In the full-text version, in the sentence starting with 'Around the middle of 1998, I figured', a bad link has eaten some of your text.

Good read, btw.

11:

I loved it. I'm currently re-reading all the books I have of yours, just finished Jennifer Morgue (after reading Atrocity Archives again), and was near to the end when I nearly choked to death on my coffee:

"Or my middle names aren't Oliver and Francis"!!

12:

Austin @10: fixed now.

Seo @9: it's redacted because this version is one I've gone over carefully, taking out certain anecdotes which might be considered defamatory or libelous by their subjects. (Don't go looking for the non-redacted version: it's not on my server and I won't be giving it to anyone, for obvious reasons.)

13:

I am saving the last episode for now, just wanted to say that I enjoyed the series.
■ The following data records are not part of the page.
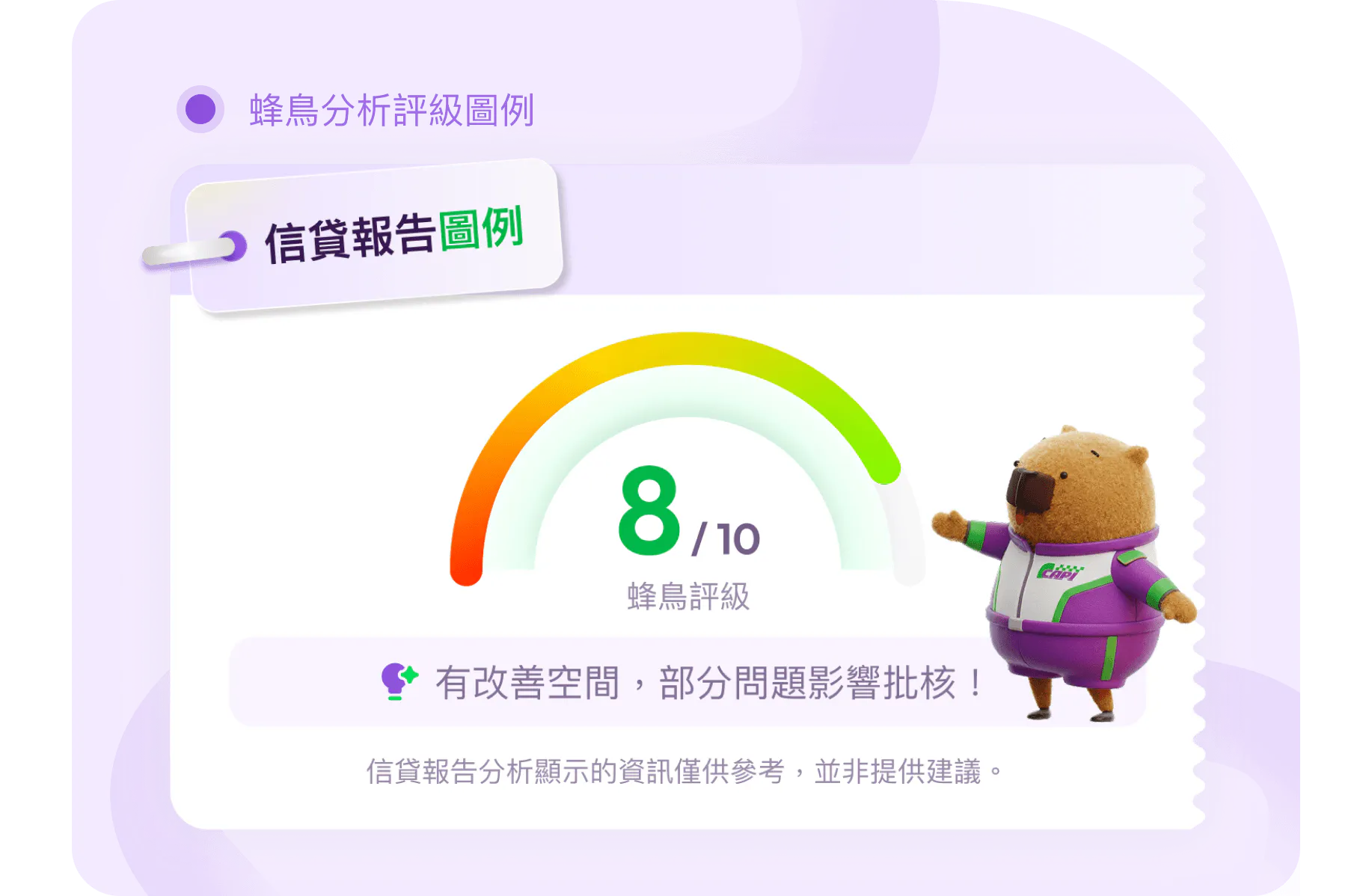 蜂鳥分析評級綜合評估你的申請習慣、還款紀錄、負債比率及信貸年資,以 0 至 10 分呈現你的整體信貸健康指數(蜂鳥評級)。評級越高,代表信貸狀況越理想,財務自由度越大。
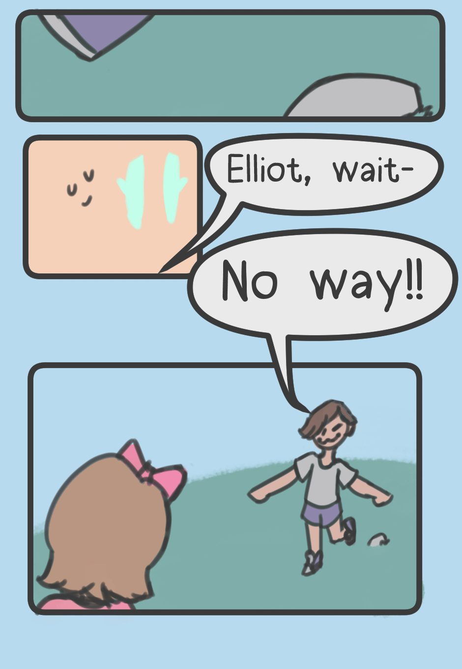double upload, because not much happens, except idiot boy falls over a rock, and this probably could have been one page but i'm bad at planning.
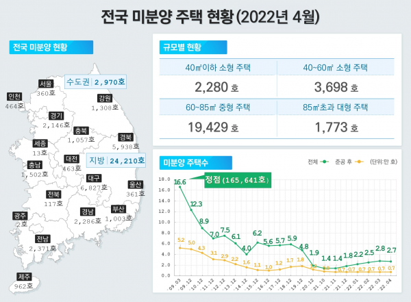 [세종타임즈] ‘22.4월말 기준 전국의 미분양 주택이 총 27,180호로 집계됐으며 전월 대비 2.8% 감소했다.
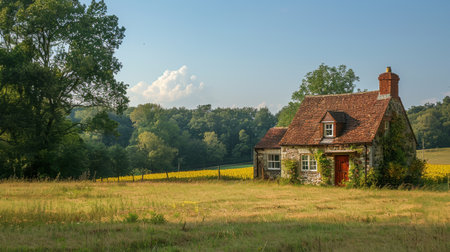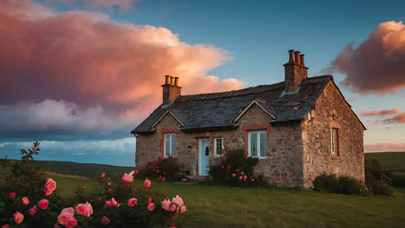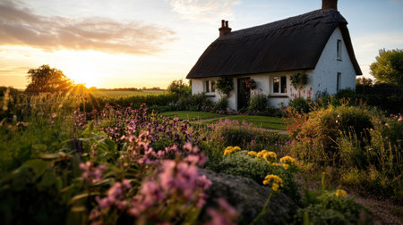 A charming countryside cottage surrounded by blooming flowers
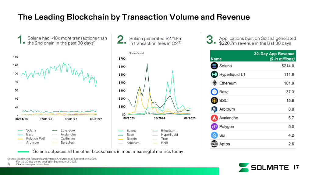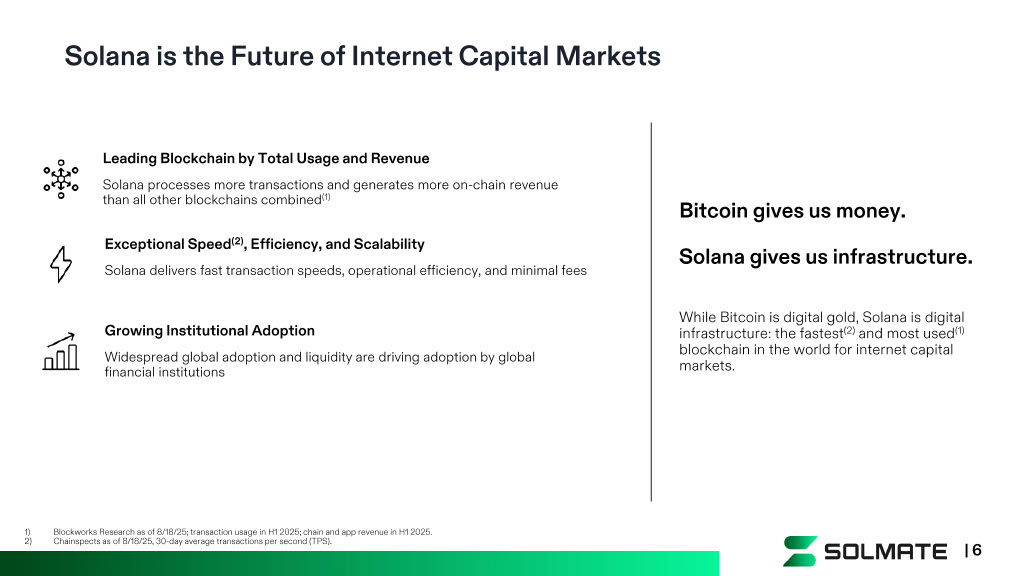 Solana is the Future of Internet Capital Markets Bitcoin gives us money. Solana gives us infrastructure. While Bitcoin is digital gold, Solana is digital infrastructure: the fastest (2) and most used (1) blockchain in the world for internet capital markets. Leading Blockchain by Total Usage and Revenue Solana processes more transactions and generates more on - chain revenue than all other blockchains combined (1) Exceptional Speed (2) , Efficiency, and Scalability Solana delivers fast transaction speeds, operational efficiency, and minimal fees Growing Institutional Adoption Widespread global adoption and liquidity are driving adoption by global financial institutions 1) Blockworks Research as of 8/18/25; transaction usage in H1 2025; chain and app revenue in H1 2025. 2) Chainspects as of 8/18/25, 30 - day average transactions per second (TPS). | 6

Lots of stuff resonating with my own experiences. The beginning of the series also reminded me of the biography of Jeff Minter, who's about your age I guess from the home computing options that were available to you both back then.

14:

A final reflection on the finale of the story:

I'd say the outcome was fortunate for everyone - virtual hosting companies are extremely fungible, and novelists are not so. Thanks for your unique writing and perspective.

15:

Charlie, this one doesn't link forward to today's post.

16:

Marilee: that's because it's not a blog entry -- it's too big for Movable Type, so it's a static HTML page instead.